About cassandra

Cassandra has been architecture for consuming large amounts of data as fast as possible. To accomplish this, Cassandra first writes new data to a commit log to ensure it is safe. After that, the data is then written to an in-memory structure called a memtable. Cassandra deems the write successful once it is stored on both the commit log and a memtable, which provides the durability required for mission-critical systems.
Once a memtable‘s memory limit is reached, all writes are then written to disk in the form of an SSTable (sorted strings table). An SSTable is immutable, meaning it is not written to ever again. If the data contained in the SSTable is modified, the data is written to Cassandra in an upsert fashion and the previous data automatically removed.
Because SSTables are immutable and only written once the corresponding memtable is full, Cassandra avoids random seeks and instead only performs sequential IO in large batches, resulting in high write throughput.
A related factor is that Cassandra doesn’t have to do a read as part of a write (i.e. check index to see where current data is). This means that insert performance remains high as data size grows, while with b-tree based engines (e.g. MongoDB) it deteriorates.

Cassandra is architected in a peer-to-peer fashion and uses a protocol called “gossip” to communicate with other nodes in a cluster. The gossip process runs every second to exchange information across the cluster.
Gossip only includes information about the cluster itself (e.g., up/down, joining, leaving, version, schema) and does not manage the data. Data is transferred node-to-node using a message-passing like protocol on a distinct port from what client applications connect to. The Cassandra partitioner turns a column family key into a token, the replication strategy picks the set of nodes responsible for that token (using information from the snitch) and Cassandra sends messages to those replicas with the request (read or write).


Unlike relational databases, Cassandra does not offer fully ACID-compliant transactions. There is no locking or transactional dependencies when concurrently updating multiple rows or column families. But if by “transactions” you mean real-time data entry and retrieval, with durability and tunable consistency, then yes.
Cassandra does not support transactions in the sense of bundling multiple row updates into one all-or-nothing operation. Nor does it roll back when a write succeeds on one replica, but fails on other replicas. It is possible in Cassandra to have a write operation report a failure to the client, but still actually persist the write to a replica.
However, this does not mean that Cassandra cannot be used as an operational or real time datastore. Data is very safe in Cassandra because writes in Cassandra are durable. All writes to a replica node are recorded both in memory and in a commit log before they are acknowledged as a success. If a crash or server failure occurs before the memory tables are flushed to disk, the commit log is replayed on restart to recover any lost writes.

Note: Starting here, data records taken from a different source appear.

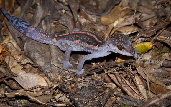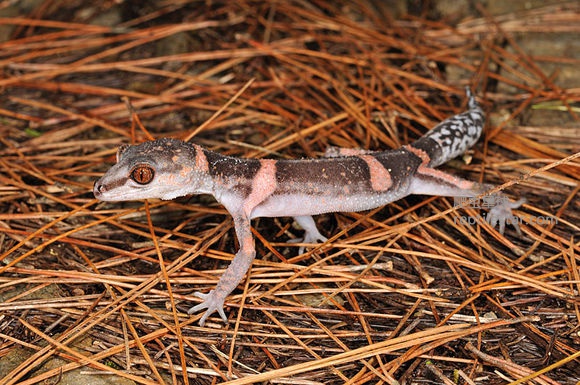 灰褐色底色+淡粉色条纹,一般琉球睑虎有两种花纹模式,横纹和直纹。尾巴特征也非常明显,呈无规则雪花状分布。
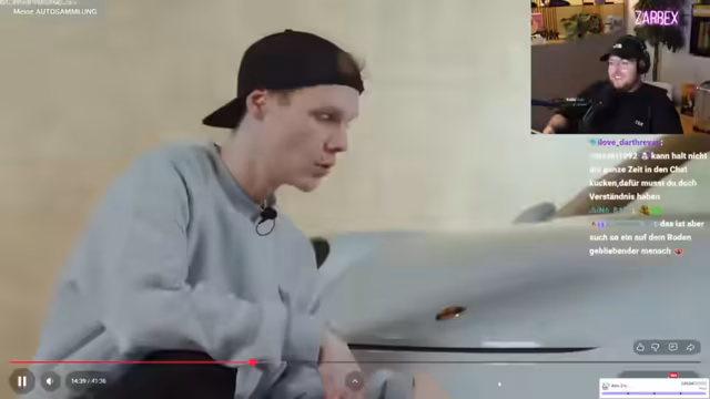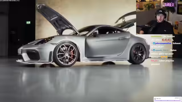 02:54:50Der Streamer beginnt mit der Betrachtung von Saschas Autosammlung, beginnend mit einem Porsche Cayman GT4. Er äußert seine Überraschung über die Größe der Sammlung und diskutiert, ob Autos ein smartes Investment sind. Während er die Ästhetik des GT4 bewundert, merkt er an, dass er persönlich eher zu einem klassischen 911er tendieren würde. Er beschreibt die technischen Details des GT4, wie den Mittelmotor, das Schaltgetriebe und die Semislicks, und teilt persönliche Erfahrungen, wie das Auto oft von seinem Vater gefahren wird. Humorvoll wird auch die Problematik eines Viersitzers als „unbezahlter Taxifahrer“ thematisiert und die Vorteile eines Zweisitzers hervorgehoben, um Ruhe zu haben. Sascha hat den Wagen als drittes Auto gekauft, nach dem Angelcamp, und betont die Wichtigkeit von Steinschlagschutzfolie.
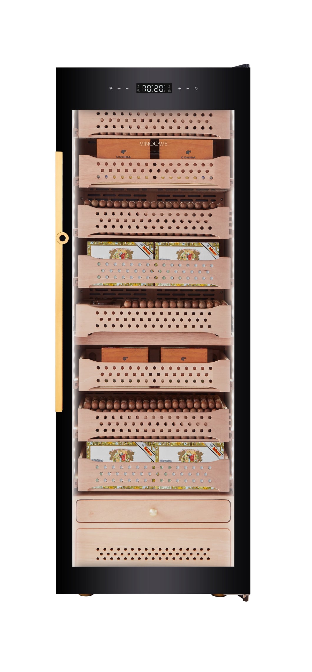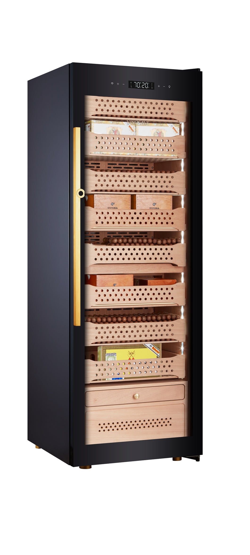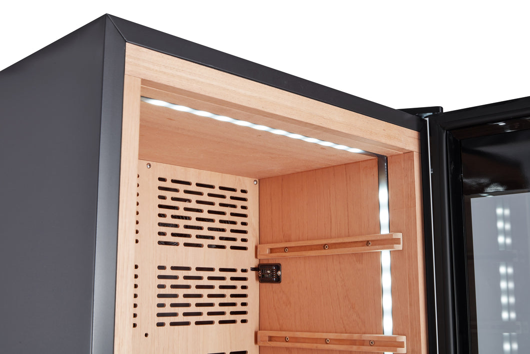 Afidano 1500 Ct Cigar Humidor boasts a sleek and contemporary design, featuring a low-E glass door that not only showcases your cigars with elegance and lets you easily scan the shelf to see what's inside but also provides UV protection to shield them from harmful light exposure. The touch control panel adds a touch of convenience, allowing you to effortlessly manage the internal environment with precision without opening the door and disturbing the temperature and humidity.
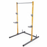Стойка для штанги, тяга сверху и снизу DFC Y-GYM - многофункциональная стойка для домашних тренировок. Серия Y-GYM – это тренажеры в современном дизайне, где динамичный желтый цвет гармонично сочетается с элегантным черным. Продуманная геометрия и контрастное цветовое решение позволят тренажеру гармонично вписаться в любую комнату и стать ярким акцентом вашего интерьера. Это идеальное решение для тех, кто ценит функциональность и эстетику в каждой детали своего дома. Устойчивое основание стойки для приседаний из высокопрочной профильной трубы 50 х 45 х 1,5 мм выдерживает динамическую нагрузку до 250 кг (динамическая нагрузка – нагрузка на элементы конструкции в движении). Подходит для выполнения полного спектра упражнений со штангой: приседания, жим, различные виды тяги и другие. Две пары держателей под штангу стойки для жима легко установить на разной высоте (7 уровней). В качестве нагрузки для верхней и нижней тяги используются диски Ø25 мм. Максимальная нагрузка на тягу до 80 кг. Фиксация с помощью замков, идущих в комплекте. Для хранения дисков предусмотрены 4 держателя по углам тренажера (Ø25 мм). Нескользящие ножки надежно устанавливаются на полу и не царапают поверхность.
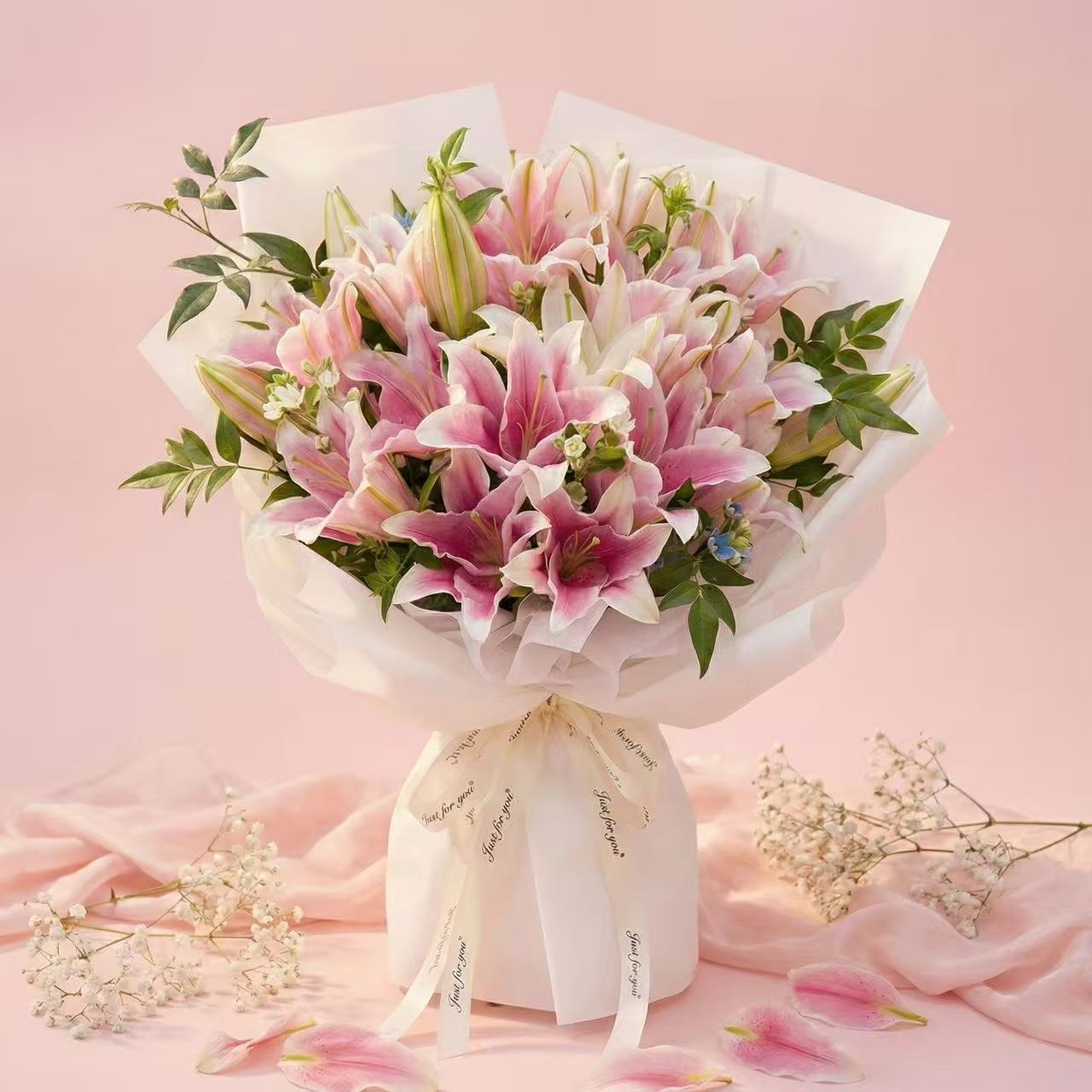 Artisan Double Petal Lily Bouquet in Size, Colour & Wrapping of Choice
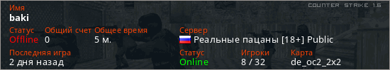 Играет на Counter Strike 1.6 сервере. Страна: РоссияПервый раз замечен 17:06 16.02.2026
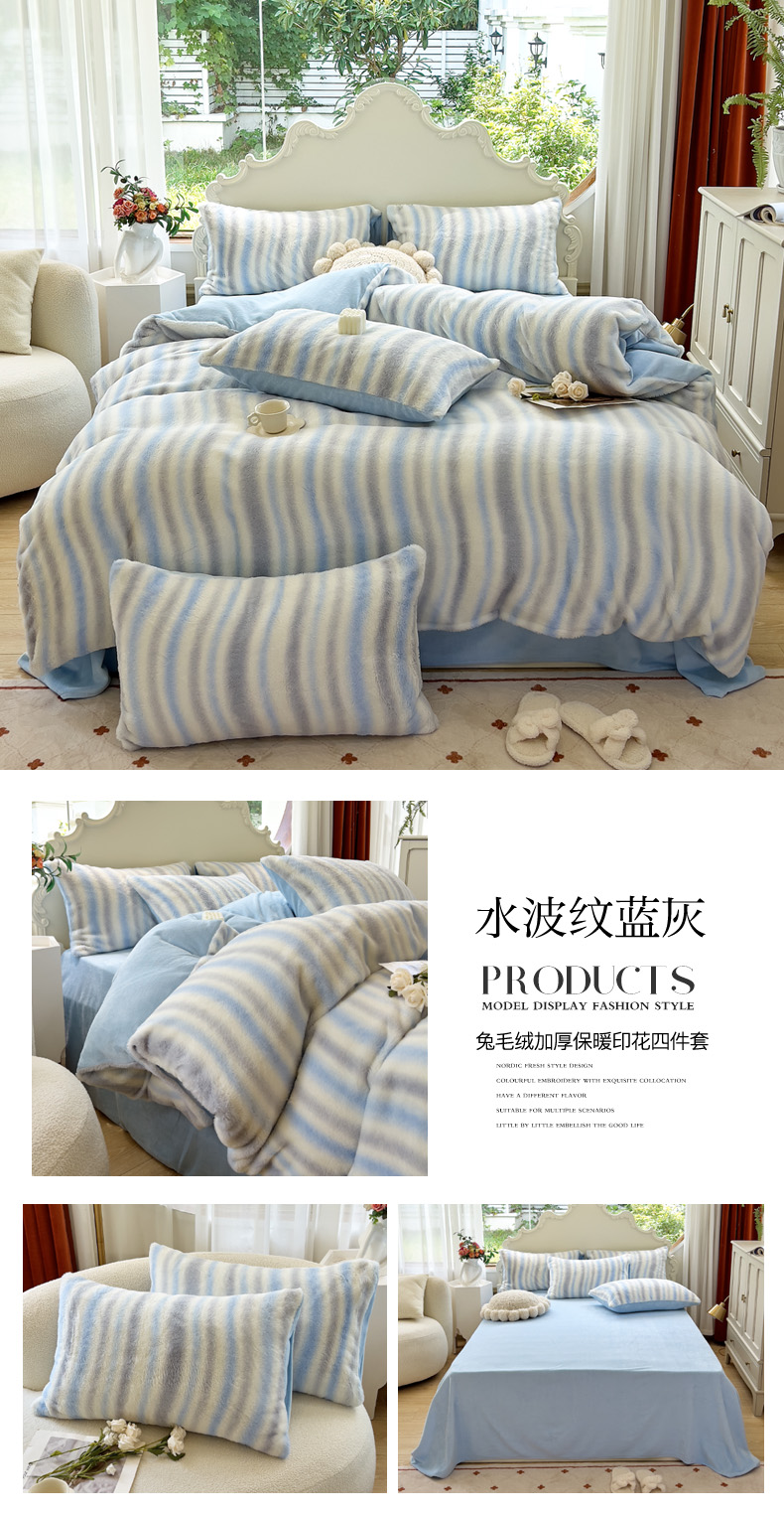 商品名称:花伞 2023新款加厚印花兔毛绒保暖四件套 水波纹蓝灰

In Cassandra, the keyspace is the container for your application data, similar to a schema in a relational database. Keyspaces are used to group column families together. Typically, a cluster has one keyspace per application.
Replication is controlled on a per-keyspace basis, so data that has different replication requirements should reside in different keyspaces. Keyspaces are not designed to be used as a significant map layer within the data model, only as a way to control data replication for a set of column families.

When comparing Cassandra to a relational database, the column family is similar to a table in that it is a container for columns and rows. However, a column family requires a major shift in thinking for those coming from the relational world.
In a relational database, you define tables, which have defined columns. The table defines the column names and their data types, and the client application then supplies rows conforming to that schema: each row contains the same fixed set of columns.
In Cassandra, you define column families. Column families can (and should) define metadata about the columns, but the actual columns that make up a row are determined by the client application. Each row can have a different set of columns.


A Cassandra column family can contain regular columns (key/value pairs) or super columns. Super columns add another level of nesting to the regular column family column structure. Super columns are comprised of a (super) column name and an ordered map of sub-columns. A super column is a way to group multiple columns based on a common lookup value.

The primary use case for super columns is to denormalize multiple rows from other column families into a single row, allowing for materialized view data retrieval.
Super columns should not be used when the number of sub-columns is expected to be a large number. During reads, all sub-columns of a super column must be deserialized to read a single sub-column, so performance of super columns is not optimal if there are a large number of sub-columns. Also, you cannot create a secondary index on a sub-column of a super column.